Галка настораживается.
– Зачем тебе это?
– Проверить одесскую информацию.
– Есть что-нибудь интересное?
– Мало. Перерыли все архивы – и ничего. Ни досье, ни фото, ни приказов, ни докладов, даже подписи нет. А образец почерка, сама знаешь, одна из вернейших «особых примет». Можно изменить биографию, даже внешность, только не почерк: специалисты-графологи всегда найдут общность, как его ни меняй. И если почерк настоящего Сахарова – это почерк бывшего Пауля Гетцке, значит, на руках у меня по меньшей мере козырной туз.

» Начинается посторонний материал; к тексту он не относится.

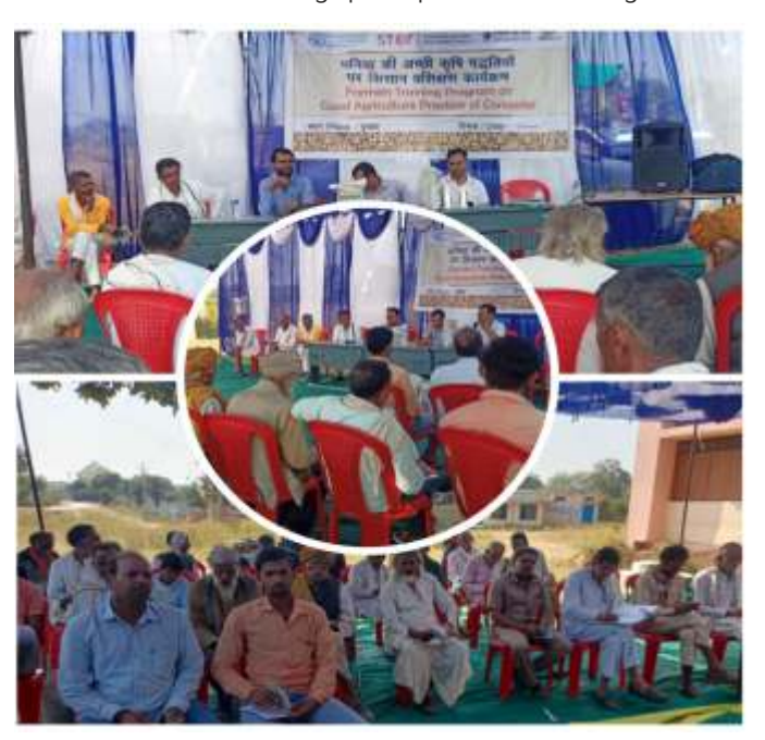
Training programme on Good Agricultural and Good Hygienic Practices (GAP and GHP) of coriander

Spices Board Regional Office, Guna, Madhya Pradesh conducted a training programme on Good Agricultural and Good Hygienic Practices (GAP and GHP) of coriander. Around 100 farmers from Gulwada village participated in the training.

– Может быть, жива его мать?
– Жива и живет в том же доме. Но он никогда не писал ей. Ни одного письма, даже поздравительной открытки.
– А если потревожить его немецкую мачеху? Возможно, она тоже жива.
– Где? В Мюнхене? Попытаться, конечно, можно, но исход сомнителен. Есть другой вариант. По словам Волошиной, у Пауля в Берлине была невеста, некая Герта Циммер. Немцам свойственна сентиментальность, и возможно, что Герта Циммер, если она жива и живет в Берлине – пусть в Западном, найдем, – все еще хранит заветное письмо или фотокарточку с трогательной надписью любимого, разлученного с нею навеки.
– Зыбко все это, – вздыхает Галка.
– Не мог он предусмотреть всего. Где-нибудь да просчитался, какой-нибудь след да оставил. Хоть кончик ниточки. А мы ее вытянем.
С этой зыбкой надеждой я и остаюсь на опустевшем теплоходе. Бассейн спущен. Без воды он неприветлив и некрасив. Снова возвращаюсь в каюту в ожидании вызова из Москвы. Но Москва молчит. Неужели Корецкий ничего не узнал? Не может быть. Что-то уже наверняка есть – накапливает, скряга, информацию. Уже час прошел – Сахаровы вот-вот вернутся. И, вспомнив к случаю о Магомете и горе, решительно подымаюсь в радиорубку. Снова связываюсь по радиотелефону с Москвой.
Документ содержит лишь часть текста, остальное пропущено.